> **Description of the task**: Begin with the line below holding "Note: this THEMIS" and go on through the line holding "8NaI + 9H2SO4", duplicating each line exactly and leaving out pictures.

> **Stored data**:
*****

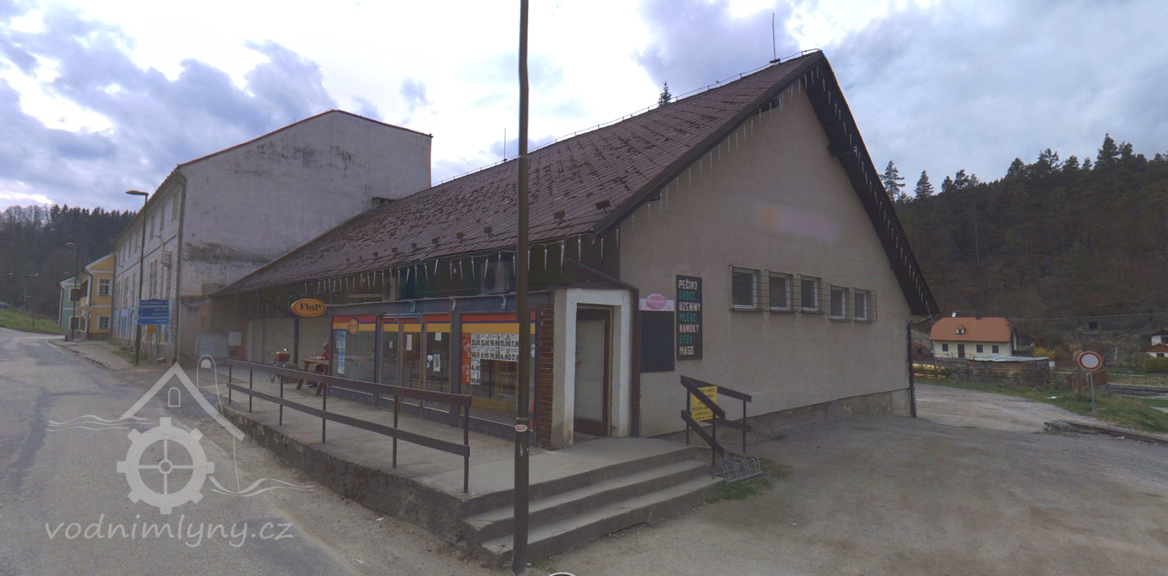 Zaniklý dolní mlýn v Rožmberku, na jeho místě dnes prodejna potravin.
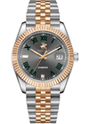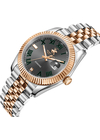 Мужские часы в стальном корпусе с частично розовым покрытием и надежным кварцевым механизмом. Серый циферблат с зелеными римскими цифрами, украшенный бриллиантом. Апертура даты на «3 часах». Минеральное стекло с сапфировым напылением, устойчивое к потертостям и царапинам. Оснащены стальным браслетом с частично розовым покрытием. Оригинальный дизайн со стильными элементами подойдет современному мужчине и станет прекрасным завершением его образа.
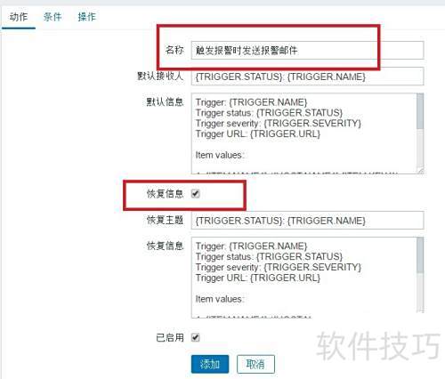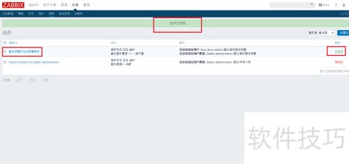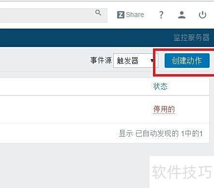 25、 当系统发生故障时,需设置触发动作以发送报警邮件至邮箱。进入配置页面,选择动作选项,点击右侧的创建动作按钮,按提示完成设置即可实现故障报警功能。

*****

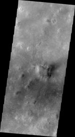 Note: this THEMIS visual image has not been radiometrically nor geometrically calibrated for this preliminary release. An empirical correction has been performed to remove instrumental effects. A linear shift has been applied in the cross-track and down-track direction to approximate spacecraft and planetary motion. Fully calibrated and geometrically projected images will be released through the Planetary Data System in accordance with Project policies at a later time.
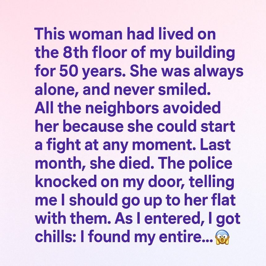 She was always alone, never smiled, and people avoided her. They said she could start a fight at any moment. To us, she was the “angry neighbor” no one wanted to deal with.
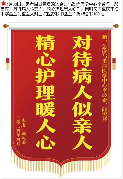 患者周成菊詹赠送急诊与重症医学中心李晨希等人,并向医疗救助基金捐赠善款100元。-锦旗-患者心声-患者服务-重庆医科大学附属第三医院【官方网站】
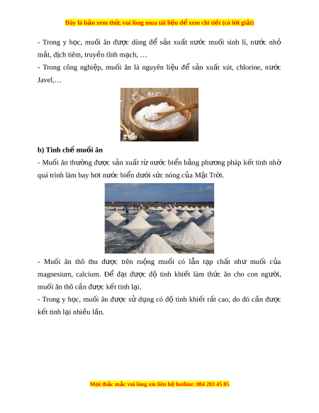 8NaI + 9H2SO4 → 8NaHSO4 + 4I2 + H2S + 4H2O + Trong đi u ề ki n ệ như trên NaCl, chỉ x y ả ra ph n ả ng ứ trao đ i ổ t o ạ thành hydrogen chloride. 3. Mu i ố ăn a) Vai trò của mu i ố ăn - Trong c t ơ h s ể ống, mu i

*****

> **Solution to this exercise**:
 Note: this THEMIS visual image has not been radiometrically nor geometrically calibrated for this preliminary release. An empirical correction has been performed to remove instrumental effects. A linear shift has been applied in the cross-track and down-track direction to approximate spacecraft and planetary motion. Fully calibrated and geometrically projected images will be released through the Planetary Data System in accordance with Project policies at a later time.
 She was always alone, never smiled, and people avoided her. They said she could start a fight at any moment. To us, she was the “angry neighbor” no one wanted to deal with.
 患者周成菊詹赠送急诊与重症医学中心李晨希等人,并向医疗救助基金捐赠善款100元。-锦旗-患者心声-患者服务-重庆医科大学附属第三医院【官方网站】
 8NaI + 9H2SO4 → 8NaHSO4 + 4I2 + H2S + 4H2O + Trong đi u ề ki n ệ như trên NaCl, chỉ x y ả ra ph n ả ng ứ trao đ i ổ t o ạ thành hydrogen chloride. 3. Mu i ố ăn a) Vai trò của mu i ố ăn - Trong c t ơ h s ể ống, mu i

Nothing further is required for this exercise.